Don Abbatiello recently took over Lesher’s previously held Easton Town Council Ward 2 seat.

“I think he operates with that same set of values of mutual respect for his fellow council members,” Lesher said of Abbatiello.

As part of the county council, Lesher serves on the Talbot County Free Library board, Arts Council board and the Upper Shore Aging board, and he is the education liaison to the Talbot County Board of Education as he feels strongly about the schools and advocating for the school budget.

He estimated the county council necessitates a time commitment of about 20 hours per week, as opposed to about six for the town council. Lesher also commits more than 40 hours per week for the Chesapeake Bay Maritime Museum, serving as curator. He has served on the staff of the the museum since 1991.

Lesher graduated from Lafayette College and holds a master’s degree in history from Columbia University.

Lesher’s other civic engagements include serving as chairman of the St.

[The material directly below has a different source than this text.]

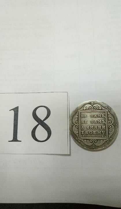 Монета з металу сріблясто-білого кольору, аверс-напис в квадраті "НЕ НАМ НЕ НАМ", реверс малюнок хреста з римською цифрою І та написом 1798, гурт гладкий.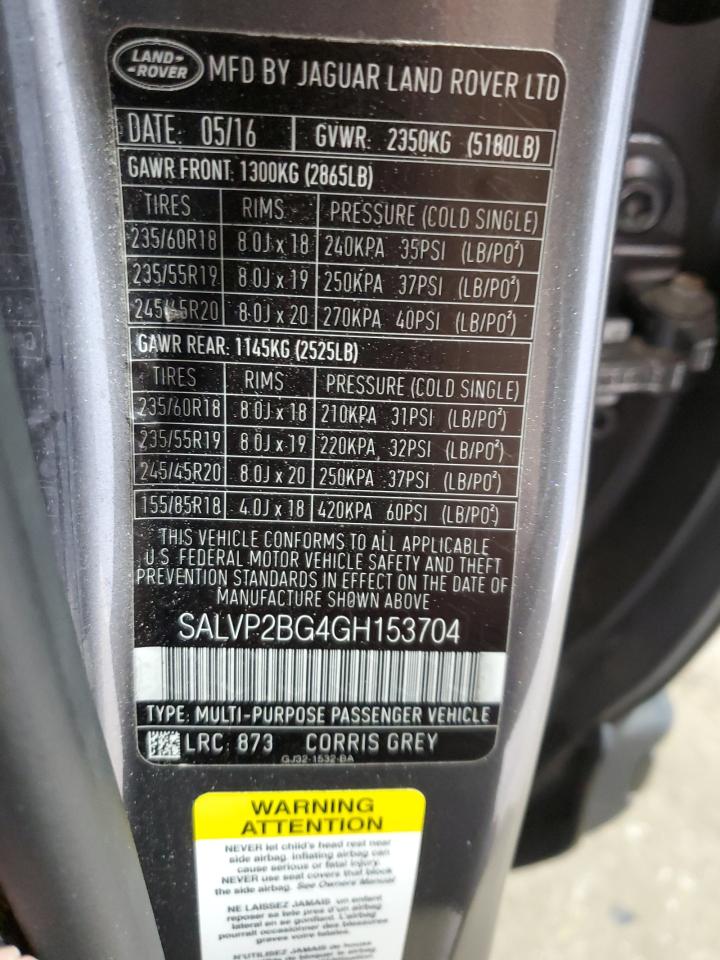 LAND ROVER RANGE ROVER 2.0 2016 г.в., Полный привод (SALVP2BG4GH153704) из США

Michaels Historic District Commission, on the board of the Maryland Humanities, on the Maryland Heritage Areas Authority, on the Council of American Maritime Museums and as an accreditation peer reviewer for the American Alliance of Museums.

Past service includes curatorial chairman of the Talbot Historical Society, president of the Museum Small Craft Association, president of the Eastern Shore Association of Municipalities and member of the Easton Historic District Commission. He is a graduate of the Maryland Municipal League’s Academy for Excellence in Local Government.

He is a past council president of Grace Lutheran Church in Easton and a current member of the choir and worship leadership team. Lesher is a den leader with Cub Scout Pack 190 in Easton, an Eagle Scout and a member of the Talbot County Public Schools’ Gifted and Talented Advisory Committee.

Lesher lives in Easton with his wife, Mariana, and two children who attend Talbot County Public Schools.